Level Home has emerged from stealth, making its invisible smart lock available for order and revealing $71m in funding from investors including Walmart, with which it also has a delivery partnership in place, and Lennar. Although the Level Lock is the company’s flagship product, it bills itself as a home automation technology provider, so expect to see its product range extended in future.

There hasn’t been a great deal going on in the electric vehicle sector of late, but electric chassis producer Motiv Power Systems has raised some money, in a $60m series B round co-led by RV producer Winnebago Industries.

Funds

China-based clinical development services provider Hangzhou Tigermed Consulting has committed up to $12m for a $62m biotech-focused fund dubbed TG Sino-Dragon Fund.

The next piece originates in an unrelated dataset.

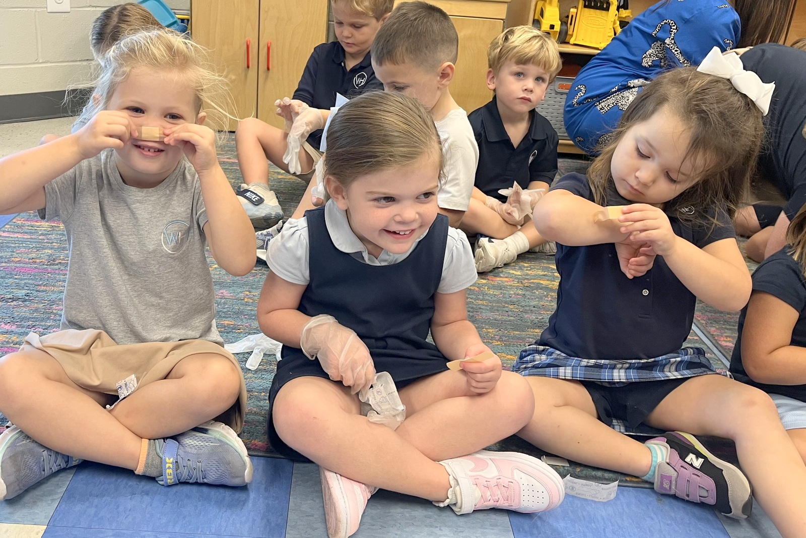 Preschool 3 welcomed Mrs. Allyson Sanders, school nurse, as part of October’s study of community helpers, and she turned health care into hands-on learning. After unpacking her medical bag and sharing her passion for nursing, she read a story about germ prevention, modeled proper hand hygiene, and talked about healthy eating. Students practiced real-world skills by putting on latex gloves, “wrapping” pretend injuries, and bandaging themselves and stuffed “booboos,” discovering how a school nurse helps them feel safe and well at school.

The dollar-denominated vehicle will be co-sponsored by Singaporean government-owned investment firm Temasek and will target early to growth-stage opportunities in the biotech and contract research spaces.

Japan-based payment services firm Credit Saison is putting together a $55m corporate venturing fund called Saison Capital. The vehicle will invest at seed and series A stage and will concentrate on India and Southeast Asia-based developers of platforms or economic ecosystems that could potentially provide financial services for underbanked citizens, though it is officially sector-agnostic.

Cogna Educação, the Brazil-based educational services provider formerly known as Kroton Educacional, will launch a corporate venture capital arm in 2020 called Cogna Ventures.

Exits

Phathom Pharmaceuticals has licensed a gastrointestinal disease drug from Takeda and is advancing it towards regulatory approval in the US market. It also plans to float, and has set the terms for an initial public offering set to raise $158m if it floats at the top of its range.